What you are asked to do
When you reach the line containing "速度德芙丝滑牛奶巧克力 234g 下拉详情", start transcribing exactly and continue through the last line of the data, skipping every picture.

Supplied information

....

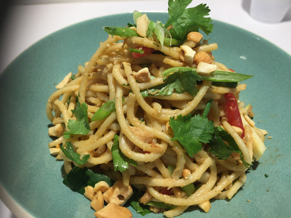 Spicy, gingery and easy, this noodle dish is versatile and requires only a few pantry ingredients. You can use any kind of chicken and pasta. With minimal prep work, you can whip this dish up faster than picking up the phone and ordering take-out. And, barring any peanut allergies, kids should like it, too. This works as a main or side dish. It's also terrific cold.
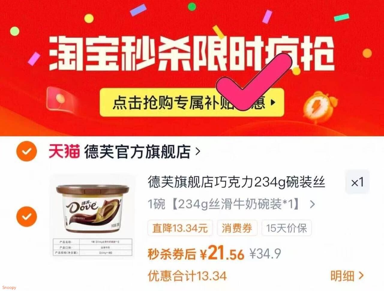 速度德芙丝滑牛奶巧克力 234g 下拉详情 拍21.5元元 大碗装好单发报员2026年03月20日 09:560举报 速度德芙丝滑牛奶巧克力234g 下拉详情 拍21.5元元大碗装 纯巧克力没有凑数的https://m.tb.cn/h.igxJPe2复制文案
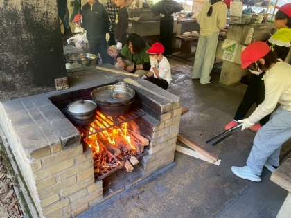 ごはんやすき焼き風煮が美味しくできるか見守っています。山の家の先生にも火おこしのコツを教えてもらいました。
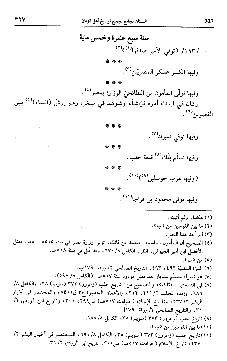 (¬11) تاريخ حلب (زعرور) 373 (سويم) 35، الكامل 8/ 691، المختصر في أخبار البشر 2/ 237، تاريخ الإسلام (حوادث 517 هـ) ص 300، تاريخ ابن الوردي 2/ 31.

....

Exercise response
 速度德芙丝滑牛奶巧克力 234g 下拉详情 拍21.5元元 大碗装好单发报员2026年03月20日 09:560举报 速度德芙丝滑牛奶巧克力234g 下拉详情 拍21.5元元大碗装 纯巧克力没有凑数的https://m.tb.cn/h.igxJPe2复制文案
 ごはんやすき焼き風煮が美味しくできるか見守っています。山の家の先生にも火おこしのコツを教えてもらいました。
 (¬11) تاريخ حلب (زعرور) 373 (سويم) 35، الكامل 8/ 691، المختصر في أخبار البشر 2/ 237، تاريخ الإسلام (حوادث 517 هـ) ص 300، تاريخ ابن الوردي 2/ 31.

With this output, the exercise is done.